L'information européenne
Où en sont les programmes IMPACT de la Communauté européenne ? IMPACT 1 (1989-1991) avait comme but principal de soutenir l'offre de bases de données et d'aider la production européenne dans un marché largement dominé par les Etats-Unis. IMPACT 2, qui court sur 1991-1995, dispose d'un budget de 64 millions d'Ecus. Ses objectifs sont d'aider au renforcement d'un marché important d'information électronique, de soutenir le marché européen, d'identifier des points forts et des points faibles, de stimuler la compétitivité, de soutenir particulièrement les petites et moyennes entreprises et les régions les moins favorisées, d'exploiter les résultats des programmes nationaux et communautaires. Pour cela, IMPACT 2 cherchera à mieux connaître et comprendre le marché ; à améliorer la convivialité et à promouvoir une culture de l'information ; à développer des projets pilotes. Pour mettre en œuvre ces programmes, la Communauté a, dans chacun des pays membres, des correspondants, « partenaires nationaux de sensibilisation ». Les PNS français sont Olivier Thiébeauld (ADBS) et François Libmann (GFII).
Le multimédia
Dominique Cotte et Pierre Brouste ont engagé sur le multimédia une réflexion précieuse. Chacun des supports qui composent ledit multimédia était en effet régi, lorqu'ils étaient dissociés, par des logiques techniques, économiques, culturelles, d'usage distinctes. « Chacun pour des raisons différentes, les éditeurs, les firmes informatiques, les entreprises de l'audiovisuel et du spectacle, pour ne citer qu'eux, sont intéressés par le multimédia ». Qui va dominer dans ce concours ? Sur le plan des usages et de la technique, la proposition/écran est ici déterminante. On peut penser que le multimédia sera « le support privilégié de l'image et du son », bien qu'il ait virtuellement à sa disposition toutes les possibilités d'un accès infini à des textes. D'où certains paradoxes.

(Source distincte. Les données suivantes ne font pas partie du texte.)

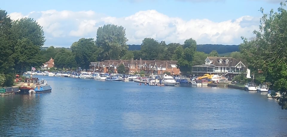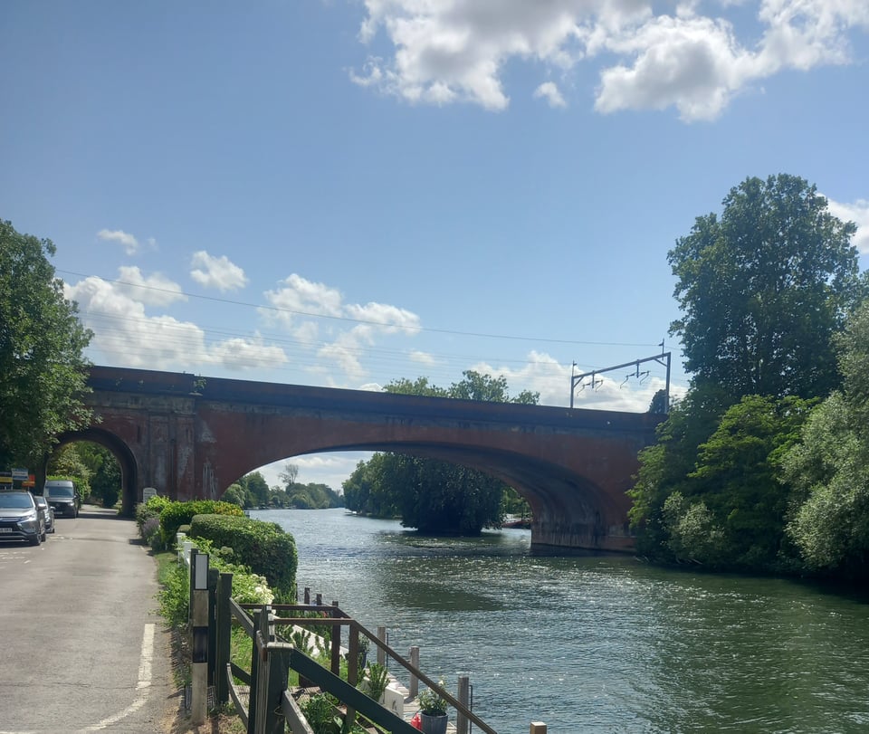 From there it was a straightforward walk into Maidenhead, the town Nick Hornby famously tried to pretend "had its own Tube station". The station is now served by Transport for London in the form of the Elizabeth Line, so perhaps he's finally technically accurate. Just before I passed under another beautiful Brunel viaduct, I had an amusing encounter with a young lady on a skateboard, who tried to avoid a collision by getting off, only to see her skateboard roll down the bank towards the river. Fortunately she was able to retrieve it before it went in.
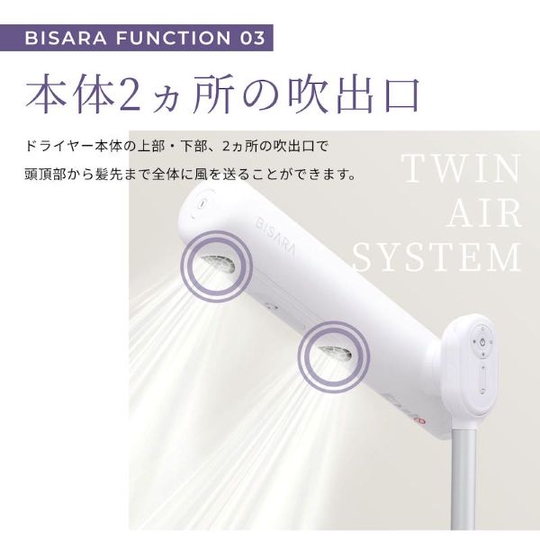 ドライヤー本体の上部・下部に2ヵ所の吹き出し口がある「TWIN AIR SYSTEM」を搭載。
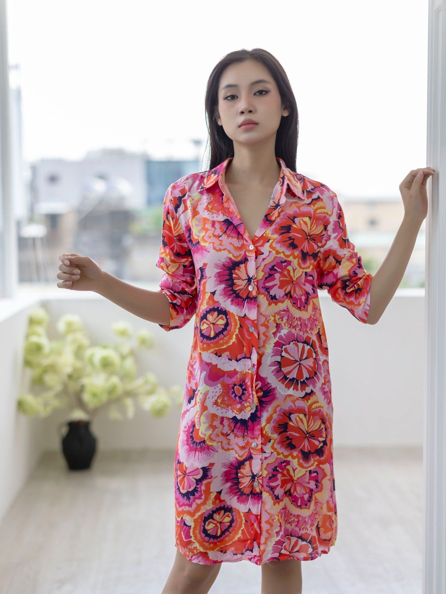 Đầm Sơ Mi Hoa Cotton Cao Cấp Luna Llena
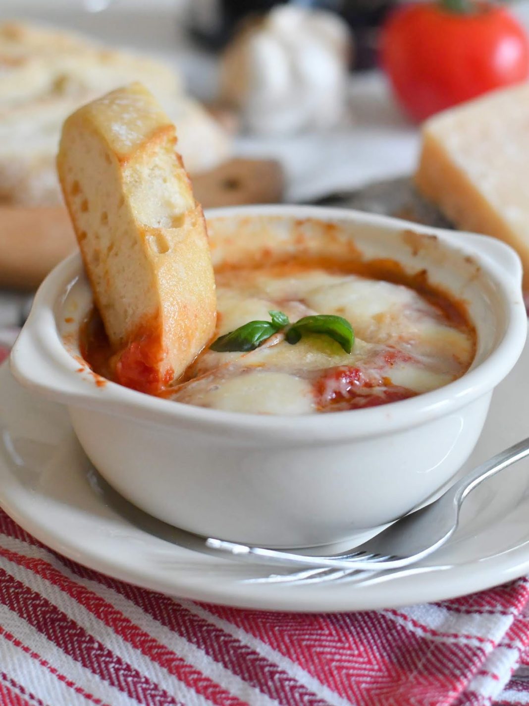 Τελειώστε με ένα στρώμα μοτσαρέλα και πάνω με το τυρί παρμεζάνα. Διακοσμήστε με περισσότερο φρέσκο βασιλικό, αν θέλετε (ή περισσότερη ρίγανη).
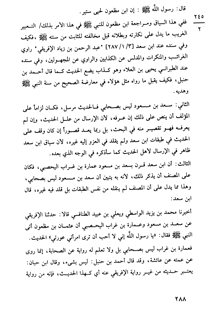 أخبرنا محمد بن يزيد الواسطي ويعلي بن عبيد الطنافسي قالا: حدثنا الإفريقي عن سعد بن مسعود وعمارة بن غراب اليحصبي أن عثمان بن مظعون أتى النبي -صلى اللَّه عليه وسلم- فقال: "يا رسول اللَّه إني لا أحب أن ترى امرأتي عورتي" الحديث.

Pour les auteurs, l'hypertexte et ses possibilités de « navigation » ne sont pas en soi une panacée et correspondent davantage aux besoins du grand public qu'à ceux des chercheurs : l'hypertexte ne résoud pas, sur le fond, « la question inhérente à tout balisage de corpus : soit ce balisage emprunte à un langage particulier et alors on retrouve les problèmes bien connus en matière d'interrogation de banques de données ou de corpus documentaires ; soit ce balisage est laissé entièrement libre et on retrouve les problèmes de bruit, de redondance ». De telles réflexions, à la croisée des disciplines, se devraient d'être poursuivies, afin que ce ne soit pas, une fois de plus, l'offre qui structure et conditionne les usages, mais que les découvertes et avancées technologiques soient mises en œuvre pour répondre à des besoins réels.